Good sweet Horus I think I’m ready to murder my English teacher. I spent fourteen bloody friggin hours on my Macbeth Essay and I got sixty five percent on it, yet I got eighty on my outline! A friend of mine, who copied my bibliography, got three out of ten on it, while I received zero… And they’re the exact same one! ARRRRG!!!!! It just pisses me off to no end, I mean, is it really my fault that I’m not willing to put up with her **** and speak my mind. So she docks my marks whenever she gets the chance. That kind of prejudice just pisses me off so much I could scream! She’s always going on about being fair and so on and so fourth, but she’d the most racist prejudiced person I’ve even met.
I find myself getting so angry, but I don’ want to continue like this, if I get too angry my emotions just, stop and I’m not normal anymore. It’s like my life happens in third person after that breaking point. I know I’m not like other people, I know I could kill and that knowledge weighs heavily on me. I know I could choke someone and watch the life drain from their body, and it doesn’t really bother me. Is murder really such a bad thing? Sometimes I don’t think so, mostly because I know I’m capable of it. Call me an inhuman wretch if you like, but it makes me, happy. Death is so much simpler than life is, I prefer the company of animals to people, and I think I’m going to jam a metal pipe through my teachers head. People like her don’t deserve an open casket funeral.

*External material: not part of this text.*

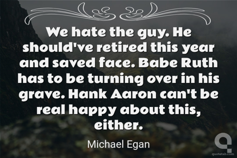 We hate the guy. He should've retired this year and saved face. Babe Ruth has to be turning over in his grave. Hank Aaron can't be real happy about this, either.

I must be a truly horrible person to think these things, but the man in my dream say’s it’s alright, that it doesn’t matter. I wish that I could fall asleep forever sometimes, fall into a world where no one hates me for thinking these things. I’ve been dreaming a lot lately, I think my entire life might be one long nightmare, because I’m starting to hear the man when I’m awake now, and that can’t be a good sign.